モノトーンでのときめき

ときめかなくなって久しいことに気づいた私は、ときめきの探検を始める。

ロシアンセージ(Russian sage)の花

2008-07-04 07:32:01 | セージ&サルビア
(写真)透明感のあるロシアンセージの花


透きとおった青紫のロシアンセージの花が咲きはじめた。

灰緑色の葉と茎。
そこにわずか10㎜に満たない盾と矛を思わせるような小花が咲き
薄青く霞んだような情景を作り出している。

セージの名がついているが、セージが属するアキギリ属ではない。
セージに似た薬臭い香りを発するので、(ロシアン)セージと名付けられた。

ロシアンセージの原産地は、山岳地帯でもあるアフガニスタンの北東部。
山と山の間を絹の道(シルクロード)が通り、いにしえは隊商が行きかう繁栄したところで
この路傍に咲いていたという。

谷間といっても標高3千メートル以上もあるところであり、
苛酷な自然環境に磨かれたたくましさがあり、乾燥に強く耐寒性も強いが、
日本の高温多湿には弱い。
だが、丈夫なことは間違いない。
ほおっておくと大株になるので、春に新芽が出たところで摘心をしたほうが良さそうだ。

(写真)灰緑色の葉と青紫に霞む花


ロシアンセージ(Russian sage)
・シソ科ペロフスキア属の耐寒性がある落葉性の低木。
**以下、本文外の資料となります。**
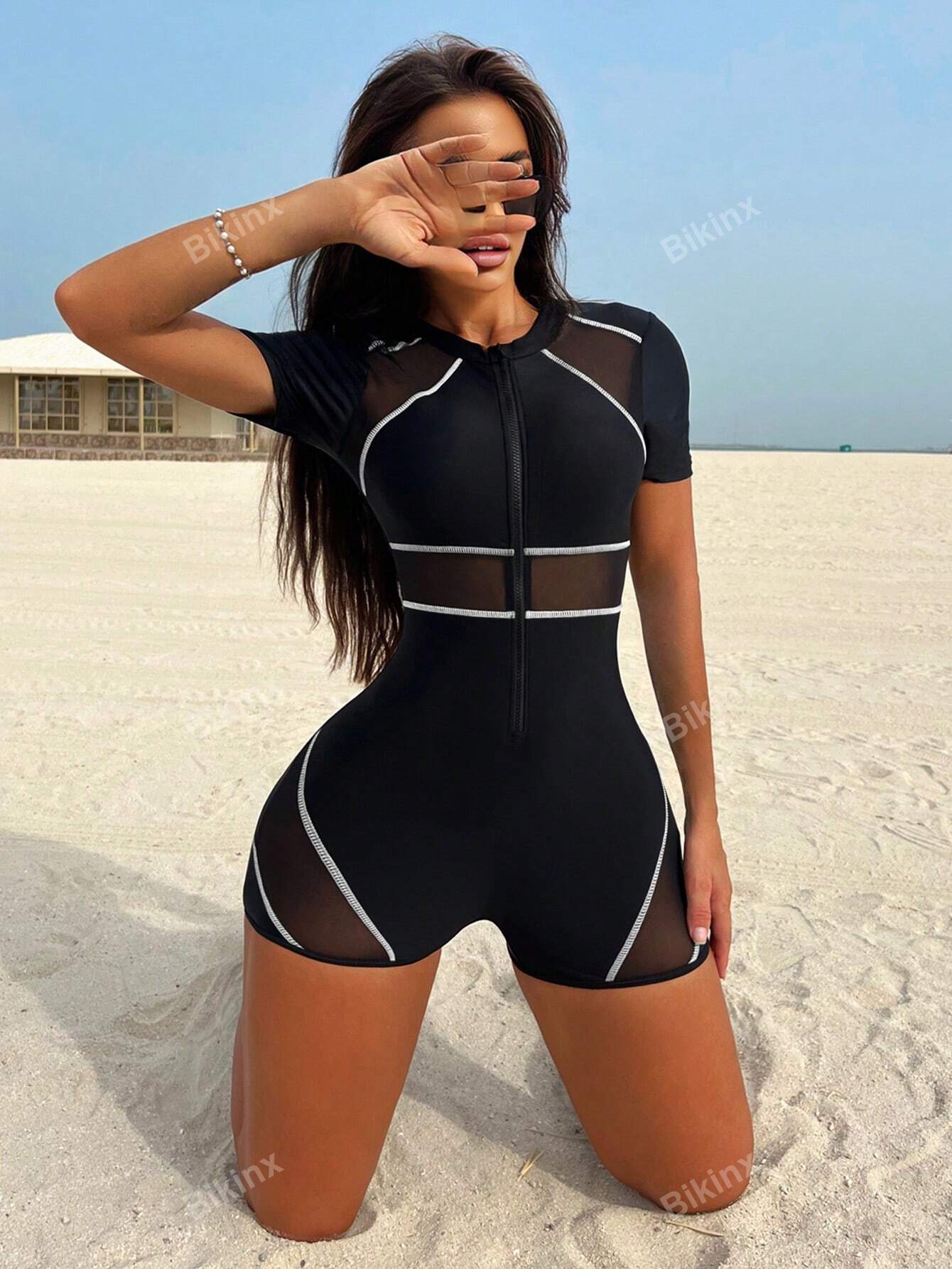 Bikinx Color Blocked Mesh Short Sleeve Surfing Wetsuit With Lock-Stitch Seams One-Piece Swimsuit Summer

アキギリ属ではないのでサルビアではない。
・学名は、Perovskia atriplicifolia。英名がRussian sage(ロシアンセージ)
・原産地は、アフガニスタン、イランなどの陽が当たる茂みに生育。
・草丈は、1~1.5mだが、摘心をすると50~60㎝に出来る。
・透きとおった青紫の小花が7月~10月頃まで咲く。
・葉は灰緑色の切り込みがある。花壇の奥とか縁取りに適している。
・乾燥に強いが多湿には弱い。
・毎春根元から刈り込む。

名前の由来
perovskia
ロシアの植物学者ペロフスキの名前に因む
atriplicifolia
ラテン語ハマアカザに似た葉atriplici+folia。(folia=folium=folius=fernsラテン語葉leaf)

(写真)大株に育つロシアンセージ


発見者グレイ=ウイルソンとラピス・ラズリ
ロシアンセージは、アフガニスタン北東部にあるBadakhshan州で
1971年に英国人のGrey-Wilson, Christopher (1944- )などによって発見された。

クリストファー・グレイ=ウイルソンは、
ヒマラヤを中心としたアジア、ヨーロッパの山岳の植物相を調査した探険家で、
カーティスのボタニカルマガジンの編集者、キュー王立植物園の科学主任などでもあり
カメラマンでもあり、ライターでもあり、園芸家でもあり、探検家でもあり、科学的な思考も有し
これらを統合したビジュアル化された植物図鑑を出版している。
クレマチスの分類体系の提案者としても知られている。

20世紀にはいると、植物相探索のフロンティアは、さらに極限に向かい
ヒマラヤ、アルプスなどの高山植物になった様子が伺える。

グレイ=ウイルソンたちがロシアンセージを発見したアフガニスタン北東部にあるBadakhshanは、
古代からシルク交易で重要な道が交差するところで、
ラピス・ラズリ(Lapis lazuli)の産地としても知られている。

フェルメールが愛したブルーの原料がラピス・ラズリで大変高価でもあった。

1ヵ月後の8月2日から『フェルメール展』が上野の都立美術館ではじまるが、
フェルメールの代表作でもある『絵画芸術』のブルーも楽しみだ。